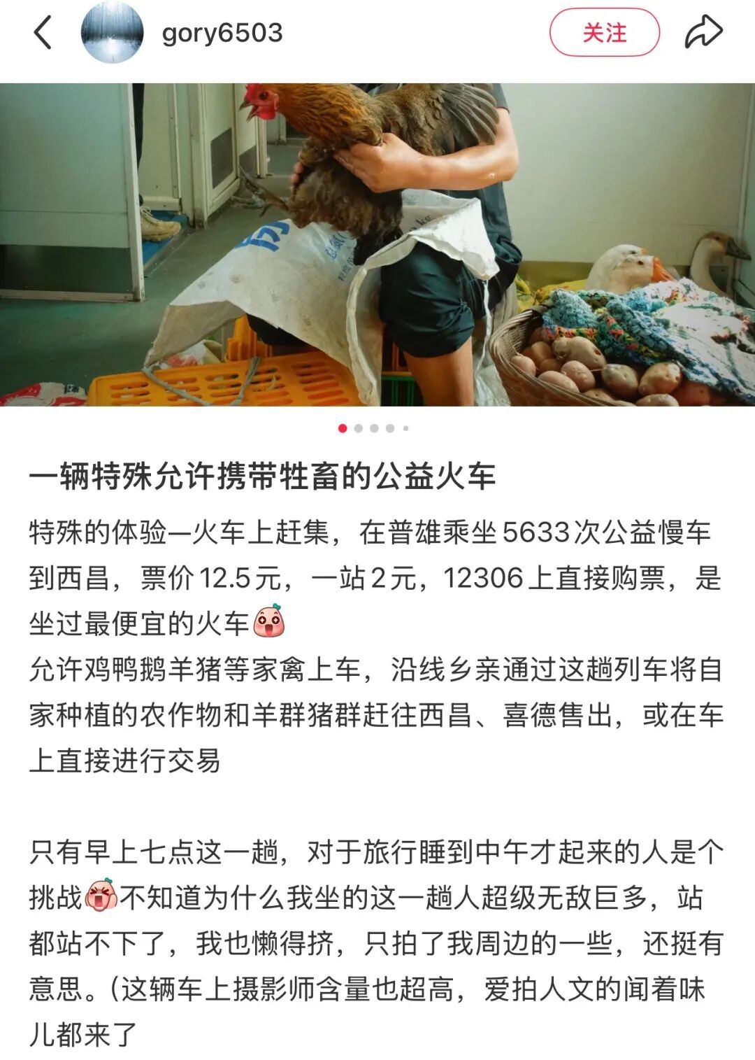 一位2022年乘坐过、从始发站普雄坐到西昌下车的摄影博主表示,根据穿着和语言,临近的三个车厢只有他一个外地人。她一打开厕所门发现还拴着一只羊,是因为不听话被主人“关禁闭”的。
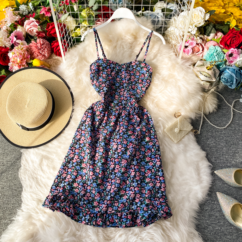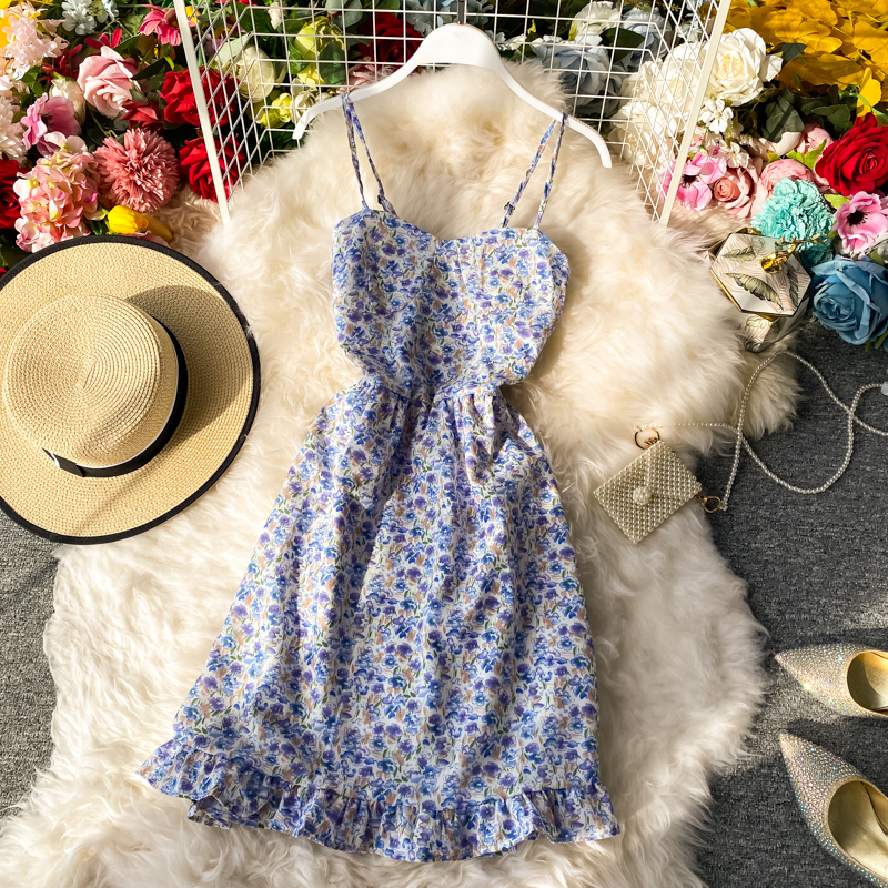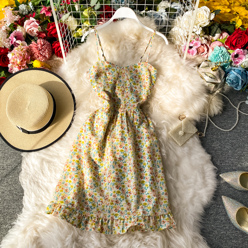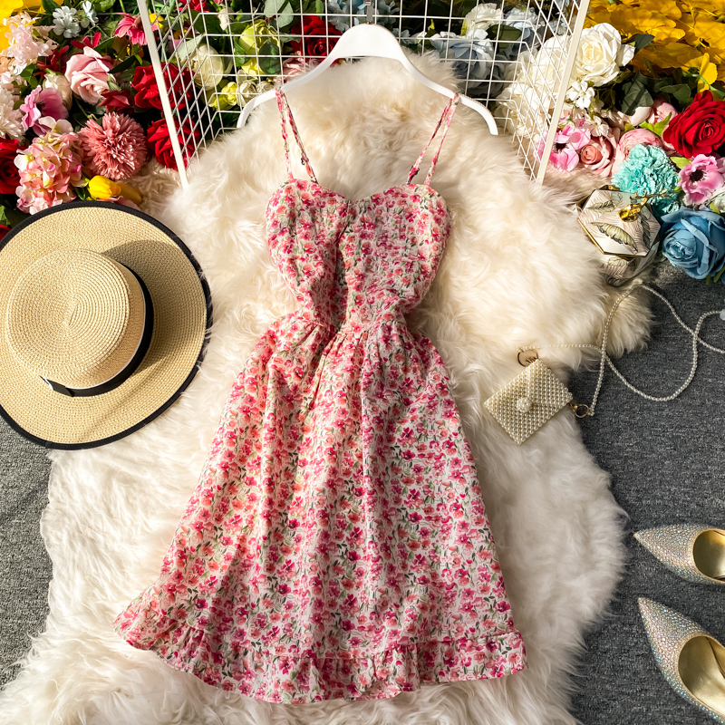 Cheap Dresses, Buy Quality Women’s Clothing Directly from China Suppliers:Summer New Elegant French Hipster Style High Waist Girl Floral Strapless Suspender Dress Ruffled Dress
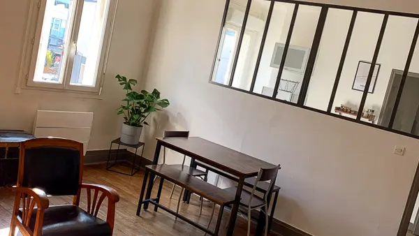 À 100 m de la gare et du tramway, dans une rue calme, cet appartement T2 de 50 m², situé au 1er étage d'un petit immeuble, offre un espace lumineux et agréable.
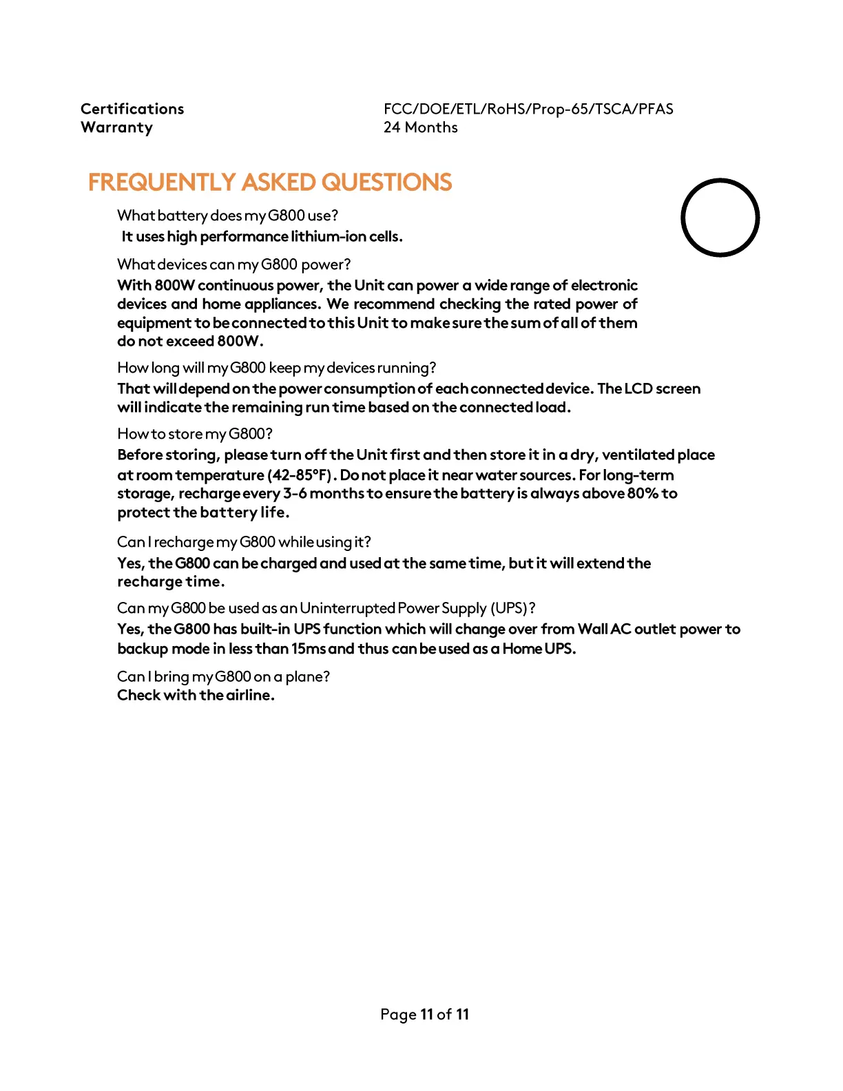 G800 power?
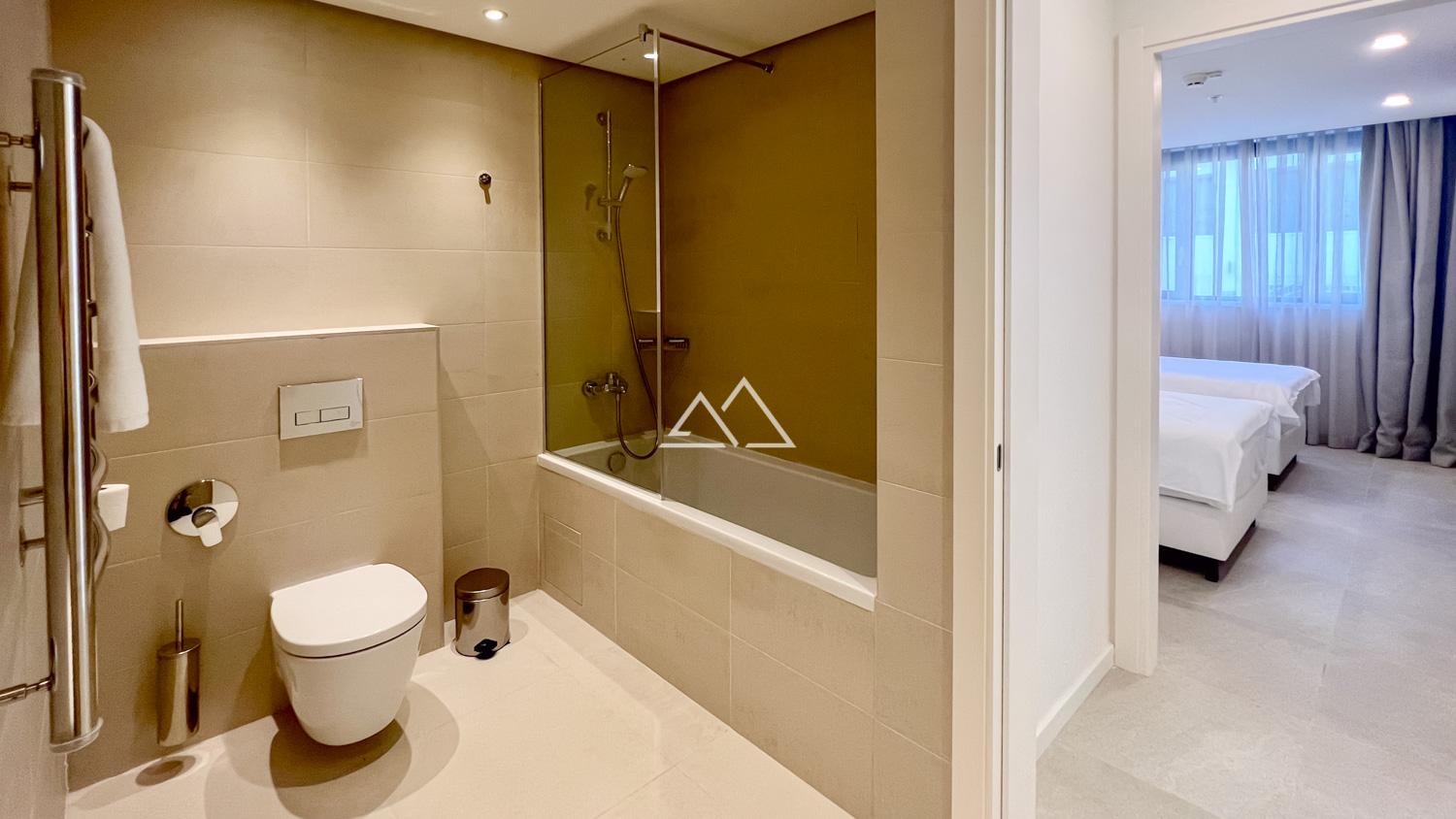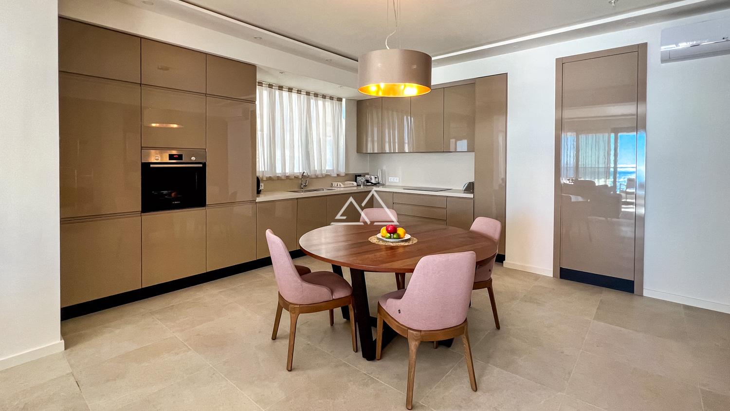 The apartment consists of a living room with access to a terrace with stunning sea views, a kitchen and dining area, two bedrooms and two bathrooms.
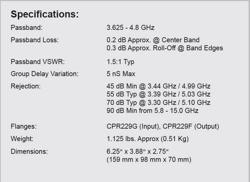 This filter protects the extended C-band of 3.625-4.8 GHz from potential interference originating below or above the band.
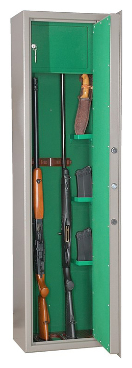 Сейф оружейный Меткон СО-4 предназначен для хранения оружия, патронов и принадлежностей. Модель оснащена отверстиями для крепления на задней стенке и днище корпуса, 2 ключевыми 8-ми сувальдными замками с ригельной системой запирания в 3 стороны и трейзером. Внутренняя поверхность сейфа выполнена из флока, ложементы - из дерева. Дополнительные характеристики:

**Problem to work on:** Copy only this from above: the line containing "À 100 m de la", the line containing "This filter protects", and all lines between, printed exactly. Leave out the pictures.

**Output for this task:**
 À 100 m de la gare et du tramway, dans une rue calme, cet appartement T2 de 50 m², situé au 1er étage d'un petit immeuble, offre un espace lumineux et agréable.
 G800 power?
 The apartment consists of a living room with access to a terrace with stunning sea views, a kitchen and dining area, two bedrooms and two bathrooms.
 This filter protects the extended C-band of 3.625-4.8 GHz from potential interference originating below or above the band.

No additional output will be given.